What you need to do:
Retype the whole listing, please, keeping every line exact and dropping the pictures.

Data provided:
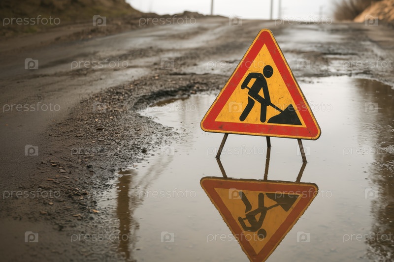 Дорожный знак ремонтные работы. Ямочный ремонт дороги
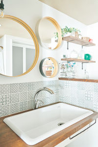 洗面所には貼りたいタイルの高さに合わせて水栓を採用。
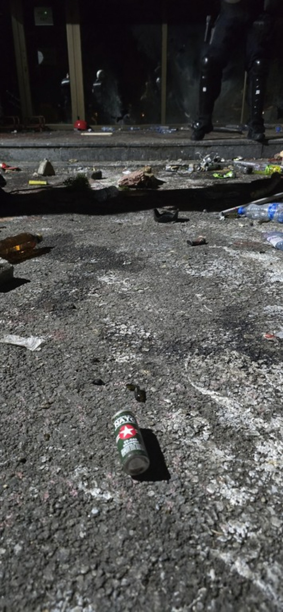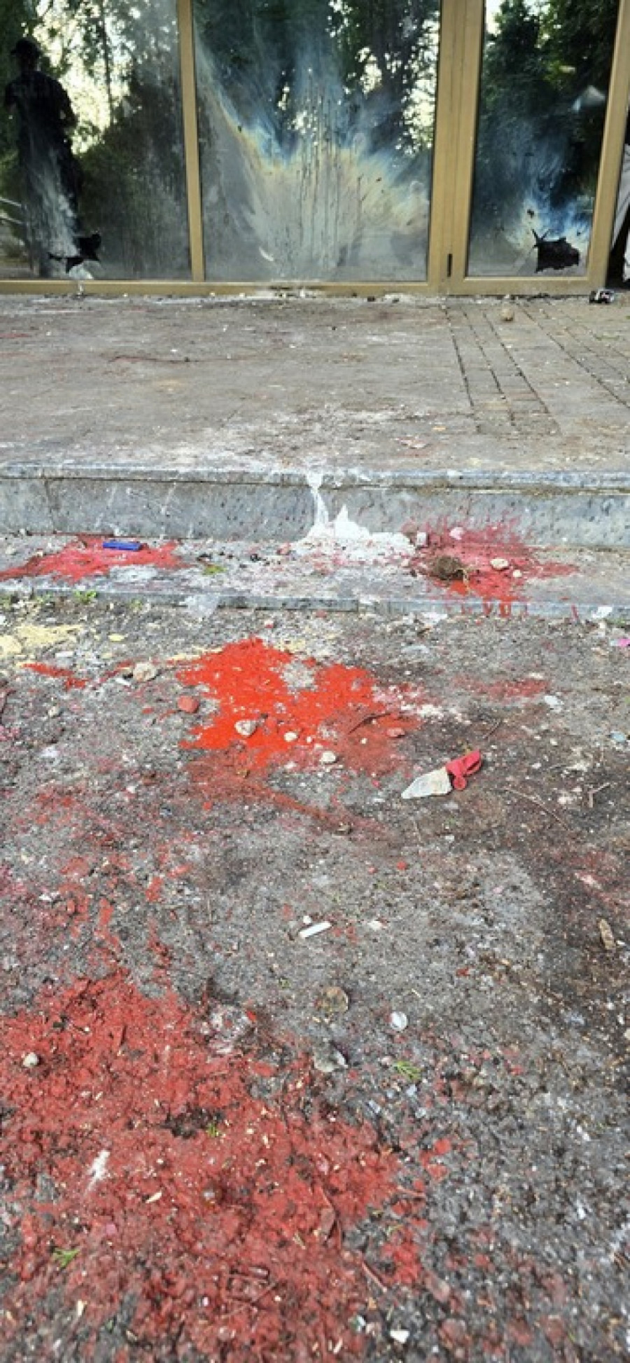 U saopštenju se posebno naglašava da je policija više puta upozoravala prisutne da ne narušavaju javni red i mir i da se udalje od zgrade. Uprkos tim upozorenjima, usledili su nasilni napadi kamenicama, petardama, bakljama, suzavcem i gvozdenim šipkama na pripadnike policije, nakon čega je došlo do njihove intervencije.

Written answer:
 Дорожный знак ремонтные работы. Ямочный ремонт дороги
 洗面所には貼りたいタイルの高さに合わせて水栓を採用。
 U saopštenju se posebno naglašava da je policija više puta upozoravala prisutne da ne narušavaju javni red i mir i da se udalje od zgrade. Uprkos tim upozorenjima, usledili su nasilni napadi kamenicama, petardama, bakljama, suzavcem i gvozdenim šipkama na pripadnike policije, nakon čega je došlo do njihove intervencije.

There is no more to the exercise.